Wireshark-users: Re: [Wireshark-users] [HELP] How to send bytes to wireshark on runtime
Hi,
Thanks for the information. Well, I have run wireshark many times and as far as I know...we can only set the interface from where to capture the packet. How to set it to capture the packet from the Pipe ?
I don't want to use the wireshark's command-line options. I want that everything can be done using the wireshark gui.
Thanks,
Satish
On Fri, Jun 5, 2009 at 4:56 AM, Guy Harris
<guy@xxxxxxxxxxxx> wrote:
On Jun 4, 2009, at 12:48 PM, Satish Chandra wrote:
> I don't know how the output from dumpcap goes to wireshark. I wish
> to replace dumpcap with my utility and want wireshark to decode the
> byte stream on run-time.
In other words, you want to do a live capture of packets from some
source other than libpcap/WinPcap.
When doing a live capture in Wireshark (or TShark), whenever a set of
packets arrives, dumpcap writes them to a pcap-format capture file
sends to Wireshark (or TShark) a message saying that some number of
packets have arrived.
A pcap-format file is, in some sense, a byte stream, as *all* files on
UN*X or Windows (except for "special files" on UN*X) are, ultimately,
(seekable) byte streams. However, as is the case with most non-text
files, the byte stream has a certain structure to it; it's not just a
raw byte stream.
The format of the messages sent over the pipe between Wireshark/TShark
and dumpcap is subject to change (and probably *will* change over
time). I would not recommend trying to replace dumpcap at this point.

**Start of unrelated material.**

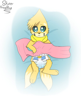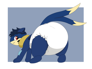 Commission forRoey the buizel crawling on his tummy showing off his""Bequiem Luxury Frilles" diapers and shoes x3

Instead, what I would recommend that you do is to have your utility
write pcap-format files to a named pipe, and, in Wireshark, capture
from a "device" that is the named pipe. For example, on UN*X, you
could create a temporary named pipe "capturepipe" in /tmp:
mkfifo /tmp/capturepipe
and then:
start your program and have it write a pcap-format file header,
followed by the sequence of packets in pcap-file format, to that pipe;
start up Wireshark and have it capture from "/tmp/capturepipe".
I don't know how that would be done on Windows, but there might be
similar things one could do with named pipes.